Word for word, print each line of the listing below; pictures stay out.
** The data follows **
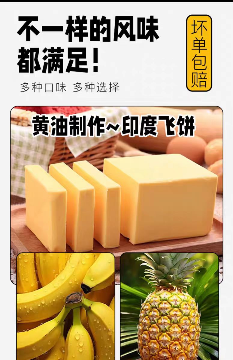 品名:黄油印度飞饼 规格1:菠萝味5片400g/袋*3袋 规格2:香蕉味5片400g/袋*3袋 规格3:5片400g/袋*2袋组合(菠萝味*2+香蕉味*1) 规格4:榴莲味5片400g/袋*3袋 规格5:5片400g/袋*3袋组合(菠萝味*2+香蕉味*2);拍几份发几个包裹,不一定能同时到达,请耐心等待 发货产地:湖北 保质期:冷冻12个月 包装方式:袋装 物流信息:默认中通冷链快递,不支持指定快递 发货区域:西藏、新疆、青海、宁夏、内蒙、阿坝、甘孜、凉山、海南、黑龙江、吉林、辽宁不发货; 物流详情:周六、周日及节假日除外,正常48小时内发货,到货时间约为2~5天,请耐心等待 售后说明:收到货后有质量问题,在24小时内都可以拍照(坏品+快递单面箱子一起拍)上传,申请按坏品比例理赔或联系客服,生鲜美食性质特殊,不支持7天无理由退换货;因地址错误,手机号联系不上,拒收等造成的损失无法售后,请理解; |
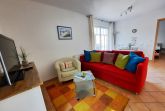 Das Wohnzimmer ist mit einem Flachbildfernseher, einer Musikanlage und einer Couch ausgestattet. Ein Esstisch mit 3 Stühlen befindet sich ebenfalls im Wohnzimmer.
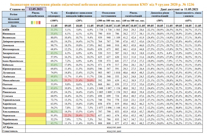 Николаевская и Черкасская области остаются в "оранжевой" зоне, поскольку в течение последних трех дней там превышен коэффициент выявления случаев инфицирования коронавирусом.
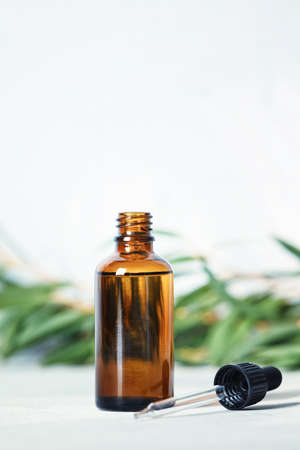 Cosmetic bottle with pipette and medicinal herbs essential oil
** End of The data **
Task answer =
 品名:黄油印度飞饼 规格1:菠萝味5片400g/袋*3袋 规格2:香蕉味5片400g/袋*3袋 规格3:5片400g/袋*2袋组合(菠萝味*2+香蕉味*1) 规格4:榴莲味5片400g/袋*3袋 规格5:5片400g/袋*3袋组合(菠萝味*2+香蕉味*2);拍几份发几个包裹,不一定能同时到达,请耐心等待 发货产地:湖北 保质期:冷冻12个月 包装方式:袋装 物流信息:默认中通冷链快递,不支持指定快递 发货区域:西藏、新疆、青海、宁夏、内蒙、阿坝、甘孜、凉山、海南、黑龙江、吉林、辽宁不发货; 物流详情:周六、周日及节假日除外,正常48小时内发货,到货时间约为2~5天,请耐心等待 售后说明:收到货后有质量问题,在24小时内都可以拍照(坏品+快递单面箱子一起拍)上传,申请按坏品比例理赔或联系客服,生鲜美食性质特殊,不支持7天无理由退换货;因地址错误,手机号联系不上,拒收等造成的损失无法售后,请理解; |
 Das Wohnzimmer ist mit einem Flachbildfernseher, einer Musikanlage und einer Couch ausgestattet. Ein Esstisch mit 3 Stühlen befindet sich ebenfalls im Wohnzimmer.
 Николаевская и Черкасская области остаются в "оранжевой" зоне, поскольку в течение последних трех дней там превышен коэффициент выявления случаев инфицирования коронавирусом.
 Cosmetic bottle with pipette and medicinal herbs essential oil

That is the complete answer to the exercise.